Une revendication qui n’a pas d’excuse conjoncturelle

Remettre le couvert sur les réparations de guerre parait pour le moins inapproprié aujourd’hui, d’autant que rien dans l’actualité politique ou économique nationale ne le justifie. La Pologne jouit d’une économie en bonne santé, n’est soumise à aucun plan drastique de réforme (2). Elle a sa place pleine et entière dans les institutions européennes (très bien représentée dans les structures et directions des institutions européennes). Elle n’est victime d’aucun ostracisme, même si elle n’affiche pas l’intention de poursuivre de politique plus intégrée (l’Euro notamment). (3)

Une volonté de revanche

Semer l’esprit de revanche, afficher des slogans franchement antisémites sont-ils de l’essence européenne ? On peut s’interroger. L’Union européenne a justement été créée avec un seul objectif : mettre en sourdine toutes les prétentions nationales pour travailler ensemble (le marché commun ou l’Euro ne sont que des avatars de cet objectif politique). Reprendre le combat sur cette question très sensible est aussi dangereuse. Tout pays européen pourrait être enclin à réclamer aujourd’hui à ses voisins des réparations et dommages de guerre (4).

Une absence d’engagement démocratique

Certes aucun des engagements signés dans la PESCO ne fait mention d’un quelconque respect de certaines valeurs (démocratie, droits de l’Homme, relations de bon voisinage) mais celui-ci est intrinsèque aux différents principes inscrits dans le préambule du Traité sur l’Union européenne et notamment au principe qui fonde la politique étrangère (et de défense) de l’UE : « la politique étrangère et de sécurité commune [est] fondée sur un développement de la solidarité politique mutuelle des États membres ».

Une question fondamentale

Un gouvernement dont l’un des principaux dirigeants fait une telle déclaration peut-il faire partie d’un noyau dur de défense européenne ? La question mérite d’être posée clairement et d’avoir une réponse. Il ne faut pas faire l’autruche. Accepter la candidature de Varsovie, aujourd’hui, dans la Coopération structurée permanente apparaît à la fois contraire à l’esprit et à la lettre du Traité et même de cette coopération européenne.

Attention à un précédent

Les autorités qui doivent évaluer les candidatures des pays membres à la PESCO doivent donc considérer tous les éléments en cause (politique, idéologique, technique, juridique, opérationnel, capacitaire). La réponse à ces différents prismes d’analyse produit à chaque fois la même conséquence : la candidature de la Pologne doit être « suspendue », en attendant qu’elle éclaircisse à la fois sa stratégie politique en matière de réparation de guerre, et les conditions qu’elle pose au développement de la défense européenne.

(Nicolas Gros-Verheyde)


(1) D’une certaine façon, la Pologne a été « indemnisée » par l’octroi d’une partie de territoire faisant partie de l’Allemagne auparavant. On pourra jauger s’il s’agit d’une juste compensation de l’annexion d’une partie de son territoire par l’URSS ou non. Mais c’est un des plus importants mouvements territoriaux de l’après-guerre.

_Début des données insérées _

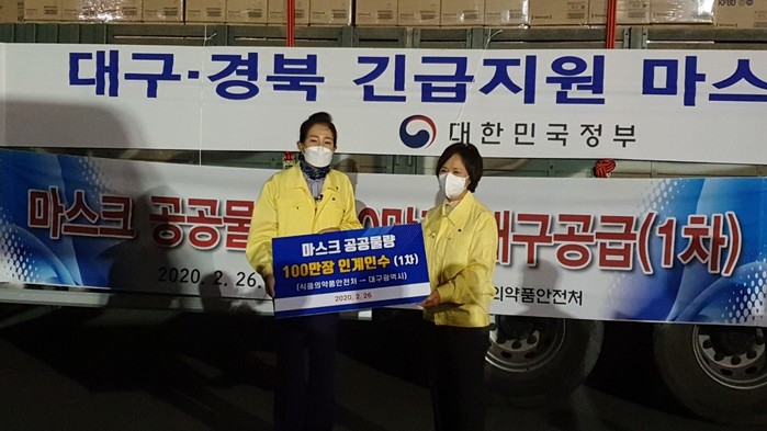 배지숙 의장은 ‘코로나19’ 비상대책으로 바쁜 대구시 관계자를 대신해 이날 식약처로 부터 공급된 마스크를 수령했다. 배지숙 의장은 전달식에 참석해 준 이의경 식품의약품안전처장에게 감사의 뜻을 전하고, 대구에 감염병 확산을 방지하기 위해서 늦어도 다음 주 초까지는 마스크 500만장을 집중 공급해 줄 것을 요청했다.
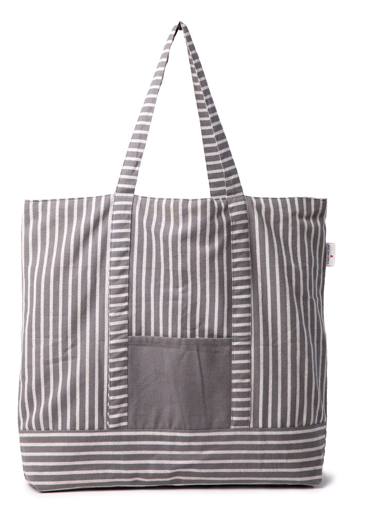 En rymlig strandväska i kraftig bomull där du får plats med allt du behöver för en dag på stranden. Fickan på sidan ger plats till mindre lösa föremål och stadiga handtag klarar våta handdukar och strandfynd på vägen tillbaka.
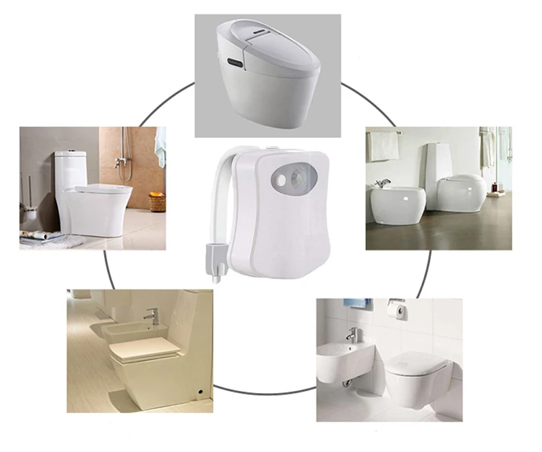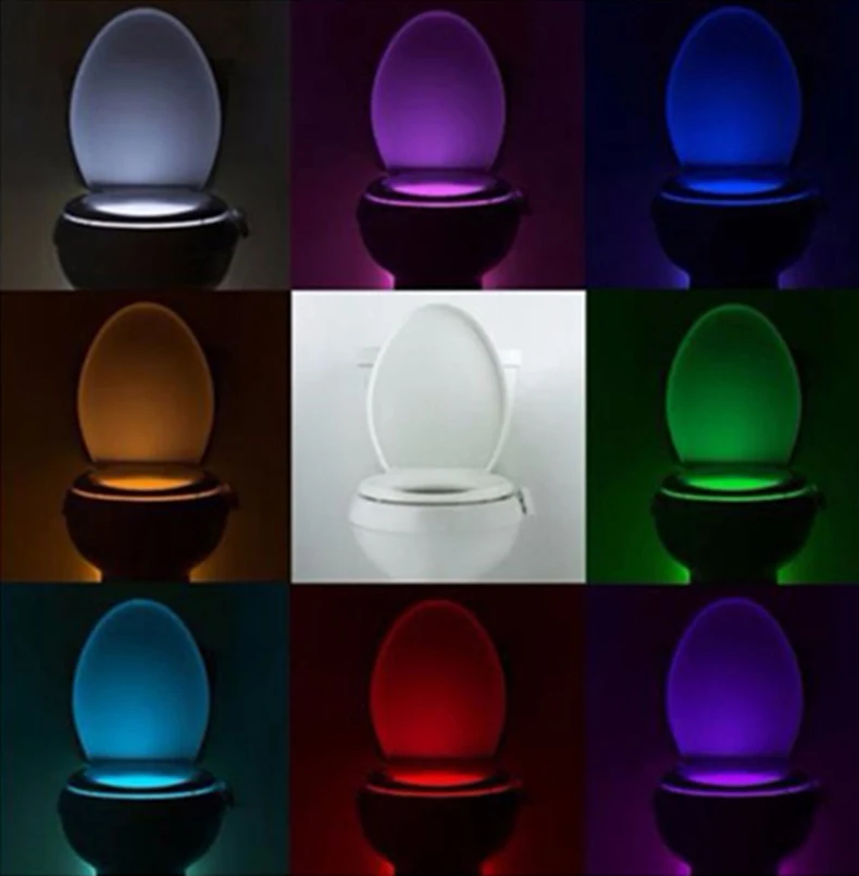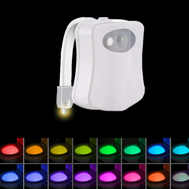 Автоматический цветной светодиодный светильник с датчиком движения для туалета, ночник с датчиком движения, водонепроницаемый задний фонарь для ванной комнаты, светильник для туалета с сухим аккумулятором
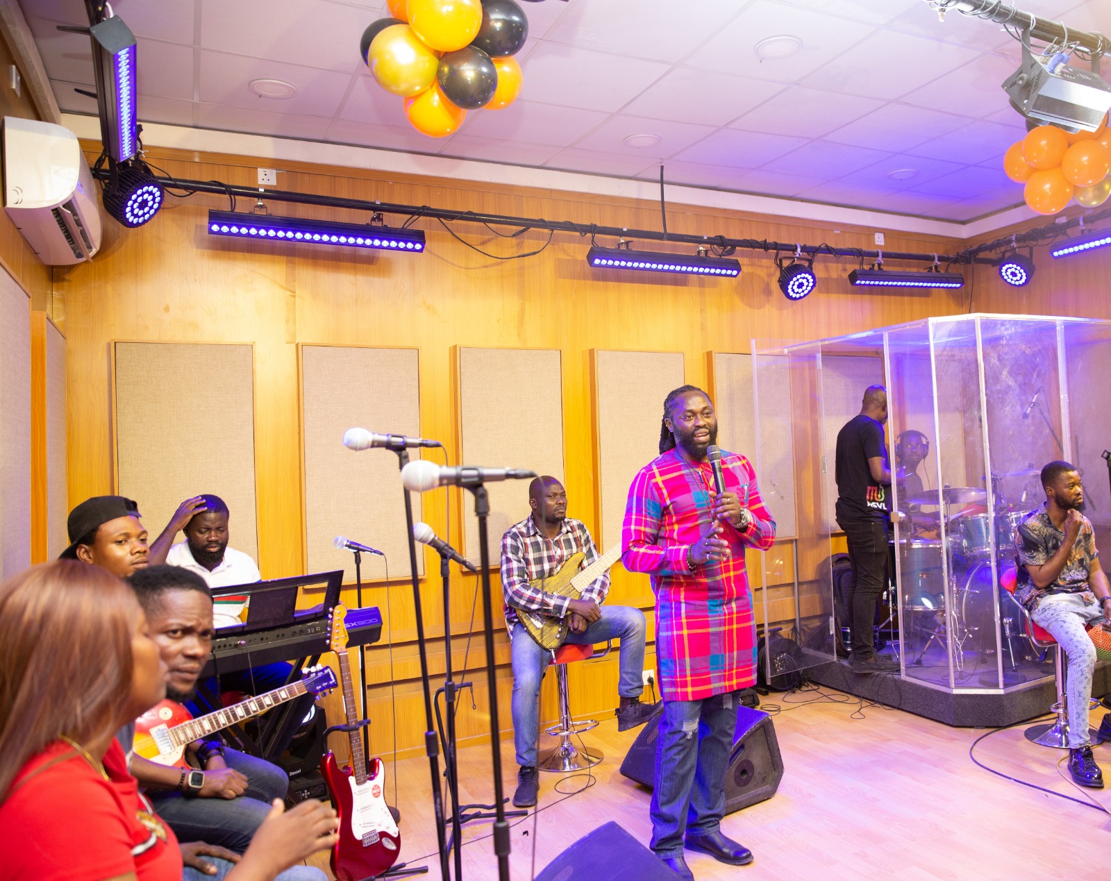 The facility tour was conducted by the Consultant, Mr. Jide Fowode who took the guests round the facilities which include Live Studio, Analog Studio, Digital Studio, Rehearsal Studio, Lightings, Multicamera Video Recording and Editing Suite, Lounge and Rooms, and Sound Equipment Rentals.

(2) Ce débat des réparations avait resurgi en Grèce, mais de façon plus conjoncturelle, liée aux pressions que faisait peser Berlin pour mettre en place des réformes structurelles économiques plus fortes à Athènes. La situation polonaise n’est aucunement comparable.

(3) La seule procédure en cours concerne l’état de droit en Pologne et la réforme de la justice. Mais chaque pays est tour à tour l’objet de procédures en manquement.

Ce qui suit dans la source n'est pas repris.